The Sky's Gone Out. An exploration of the uncanny in art, design, music, and film that takes Sigmund Freud's 1919 essay, "The Uncanny," as a starting point and includes, among many other unsettling things, historic photographs of séances; contemporary artworks by Gabriela Fridriksdottir, Hanna Liden, and Chloe Piene; a Herbie Hancock music video directed by Kevin Godley and Lol Créme, and sound recordings of paranormal phenomena, at Moore College of Art & Design (through March 14). www.thegalleriesatmoore.org.
Paul Swenbeck. New ceramics in fantastical forms inspired by archeology, science fiction, and botany; ceramic "paintings," and photographs that suggest the visual recording of dreams or spirit photographs, at Fleisher/Ollman Gallery. (March 26-May 30). 215-545-7562 or www.fleisher-ollmangallery.com.
It's a Long Way to Tipperary. At Gallery 339, works by photographers who have shown their work at this gallery over the last 10 years (Feb. 6-28). 215-731-1530 or www.gallery339.com.
Eileen Neff: Traveling Into View. Photos and mixed-media works of the bird and plant life of Costa Rica, where she had an artist's residency last January, at Bridgette Mayer Gallery (March 4-April 18). 215-413-8893 or www.bridgettemayergallery.com.
Martha Groome. The artist's first solo show at Larry Becker Contemporary Art, of new abstract paintings (March 7-April 18). 215-925-5389 or www.artnet.com/lbecker.html.
Ellen Harvey and Ena Swansea: Sight Unseen. Recent engraved works on mirrored Plexiglas by the former, and oil-on-graphite paintings by the latter, at Locks Gallery (through Feb. 29). 215-629-1000 or www.locksgallery.com.
In Line: Sharon Etgar, German Stegmaier, Lynne Woods Turner. Drawings on paper that emphasize line, at Gallery Joe (through Feb. 28). 215-592-7752 or www.galleryjoe.com.
Osvaldo Romberg. The Philadelphia- and Tel Aviv-based Argentine artist's first solo show with Pentimenti Gallery, of recent paintings and sculpture (April 17-May 30). 215-625-9990 or www.pentimenti.com.

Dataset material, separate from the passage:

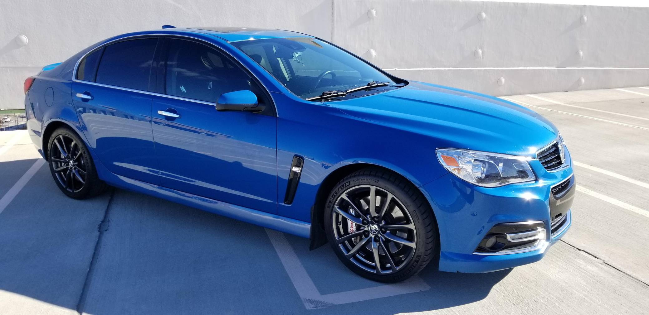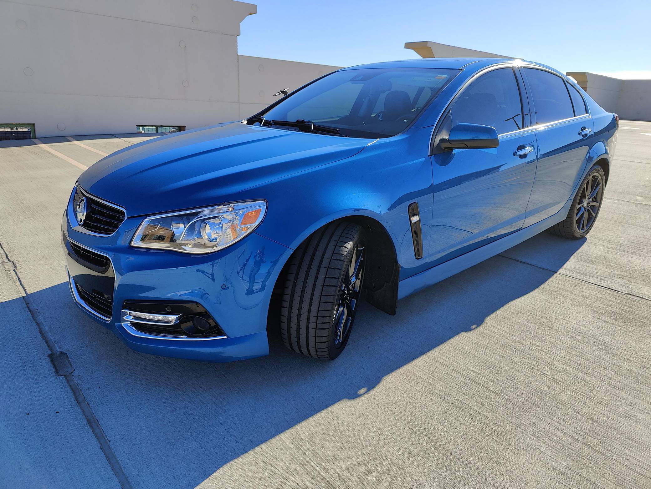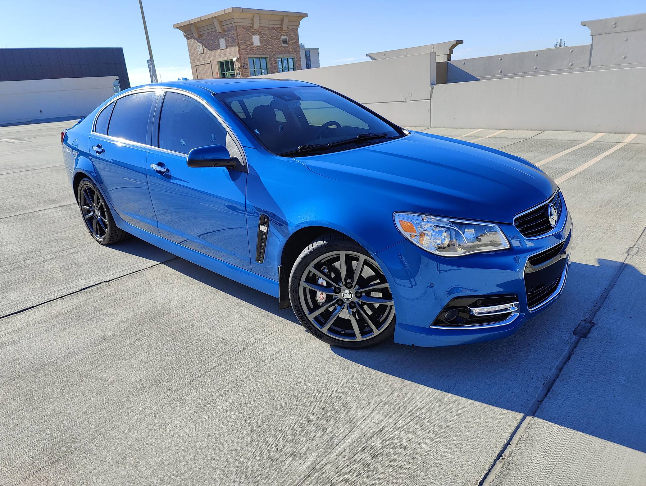 THIS. . . is a 2015 Chevrolet SS, finished in Perfect Blue Metallic with a Jet Black interior. This SS features a desirable 6-speed manual transmission. A partial list of notable equipment includes 19-inch wheels, a limited-slip differential, Magnetic Ride Control, Brembo brakes, HID headlights, a rear spoiler, parking sensors, a power sunroof, leather upholstery, heated and ventilated front seats, dual-zone automatic climate control, remote start, a head-up display, a MyLink infotainment system with navigation capabilities, and a Bose audio system. Modifications to this SS include Kooks headers, downpipes, and catalytic converters, Varex mufflers, a RotoFab intake, a Livernois ECU tune, PVD-coated wheels, and tinted windows. Chevrolet enlisted the help of Australian sister company Holden to release the SS for the 2014 model year. Closely related to the Commodore, the SS picked up where the Impala SS left off in 1996 with a naturally-aspirated V8, a rear-wheel-drive architecture, and a spacious interior. It was marketed as a subtle four-door muscle car that put a decidedly American spin on the concept of a sport sedan. Power comes from an "LS3" 6. 2-liter V8 engine, rated at 415 horsepower and 415 lb-ft of torque. Due to the modifications performed to this SS, it may produce more power, but a dyno sheet was not provided to confirm. Output is sent to the rear wheels via a 6-speed manual transmission.

Rebecca Saylor Sack. Vividly colored, expressionistic paintings of wildflowers and weeds growing in wild abandon, at Seraphin Gallery (Feb. 27 -April 5). 215-923-7000 or www.seraphingallery.com.
Hanna Hannah. New works on paper at Schmidt Dean Gallery that depict images of war embedded in decorative floral motifs (March 28-May 2). 215-569-9433 or www.schmidtdean.com.